CBK Governor Kamau Thugge at pains to explain performance of Kenya shilling
Central Bank of Kenya (CBK)
Governor Dr. Kamau Thugge was at pains to explain the performance of the Kenya
shilling against other currencies when he faced the Public Debt and
Privatisation Committee of the National Assembly.
Members sought to know what the
government was doing to stabilise the currency after the CBK Governor revealed
that in the past four months, Kenya's foreign debt had risen by over Ksh.382
billion; a figure expected to rise further if the shilling dwindles.
Committee Vice Chair Makali Mulu said:
“The issue of the exchange rate is actually a major concern for this country
and I think you need to come out more strongly and advice on what needs to be
done because these are issues under your domain.”
Wajir East MP Aden Daud posed: “Is
it a good policy for us to allow the market forces to dictate the value of the
shilling in the short term, or what is the cost benefit analysis of us trying
to prop up the shilling instead of the market forces vis a vis the debt burden?”
Thugge responded; “What we are
doing to address is fiscal consolidation, we have engaged investors, we are engaging
development partners with the expectations of inflows, we are doing something
about it…”
The committee members were
alarmed by a further admission that currency appreciation was resulting in a
rise in the debt stock, meaning already heavily taxed taxpayers would dig
deeper to keep the economy running.
“In four months the external debt
and debt service is estimated to have increased by Ksh.382.6 billion in terms
of external debt, and in terms of debt service payments an additional Ksh.6.9
billion,” he said.
Although the CBK Governor outlined
short term measures to help stabilise the shilling, it seemed the status quo
would remain for a while.
“The proximate cause of this
depreciation is the high interest rate in the United State…when the US started
to fight inflation, it was very aggressive, the inflation was at 9.1% last year,
the federal reserve bank has a rate of 2% and they wanted to reduce to the 2%
and they raised the federal reserve rates, the impact was the dollars was
sucked in into the US,” he stated.
However, the committee was still
unconvinced that the government was doing enough in comparison to the East
African Community neighbours.
MP Daud posed; “I wonder why the
Ugandan shilling has appreciated against the Kenya shillings and why the
Tanzanian shilling has appreciated against the Kenya shilling…does that mean
its only us affected by the higher interest rates in the US and the regional
markets?”
Thugge noted; “If you look at our
exports to the GDP ratio, its much lower than Uganda and Tanzania, which means
relative to their economy they get more foreign exchange into their economy. Secondly,
we are doing great in tourism than Uganda and Tanzania.”
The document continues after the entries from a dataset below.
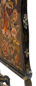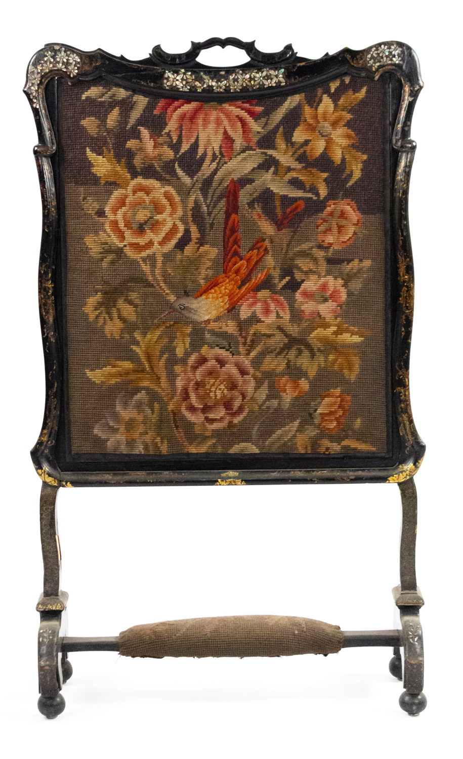 English Victorian papier-mache pearl inlaid black lacquered fire screen with a needlepoint panel..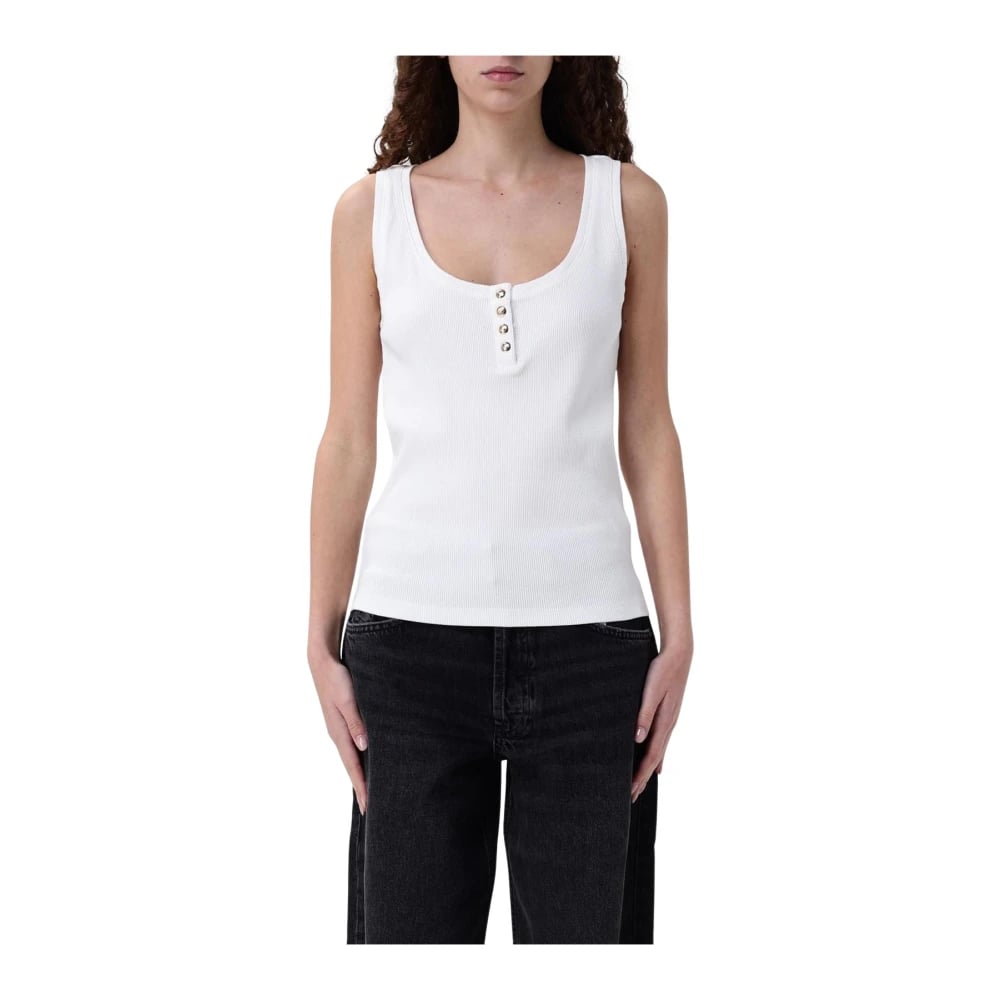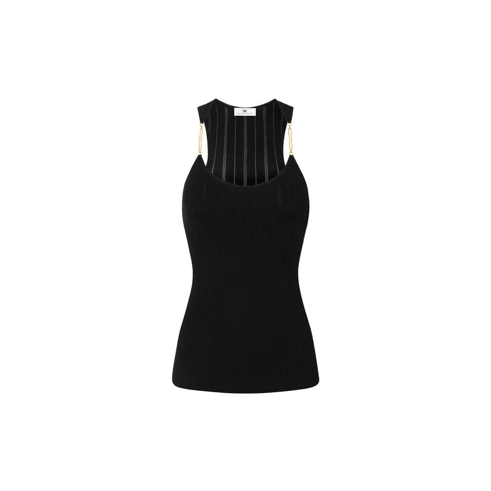Elisabetta Franchi, Toppar , Dam, M, Top i ribbat stickat tyg med hålmönsterdetaljer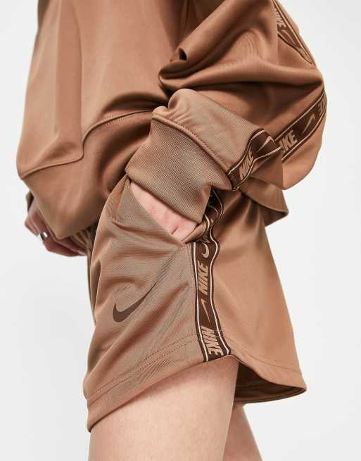 Nike swoosh tape shorts in archaeo brown

The CBK boss said a further drop
in Kenya's tourism fortunes was also to blame for the reduction in foreign
exchange.
“This year I think we were
projecting tourism seats of roughly USD 1.2 billion…Uganda was at USD 1.1
billion…slightly lower than us…and Tanzania was in the range of USD 2.6
billion. If you take those figures relative to the size of the economy, you can
see we are well behind the two nations in terms of even tourism receipts, which
come as foreign exchange and help stabilise the dollar,” said Thugge.
The matter got bleaker as Thugge
put up a case for what is the state of the economy vis a vis her neighbours.
“This year we are projecting something
on the order of USD 775 million, if you go to Uganda they’re expecting
something on the order of USD 2.5 billion…that is almost three and a half times
what we are getting…of course they have the oil industry and a lot of FDIs
going there hence foreign exchange going to their system…again, in Tanzania, they’re
getting USD 1.6 billon in FDI, so they are factors explaining the strengthening
of their shilling, it started in 2019, the shilling has 27 percent,” he said.
The Central Bank Governor said the
government, in order to further fund its activities, is targeting to borrow Ksh.449.2
billion from the domestic market while at the same time mobilising external
funding from multilateral institutions, development partners and regional banks
as the African Development Bank for cheaper loans and grants.
“When we do get that additional external
financing, what happens is that there is a reduction in the domestic borrowing,
particularly since now it is quite high…the interest is quite high…we hope to
substitute domestic borrowing,” said Thugge.
The Controller of Budget, who
also appeared before the committee, revealed that invoices had shown that
public debt repayment accounted the biggest chunk of Kenya's expenditure at
over 89.3 percent.
The public debt committee intends
to conduct a special audit to ascertain Kenya’s financial soundness.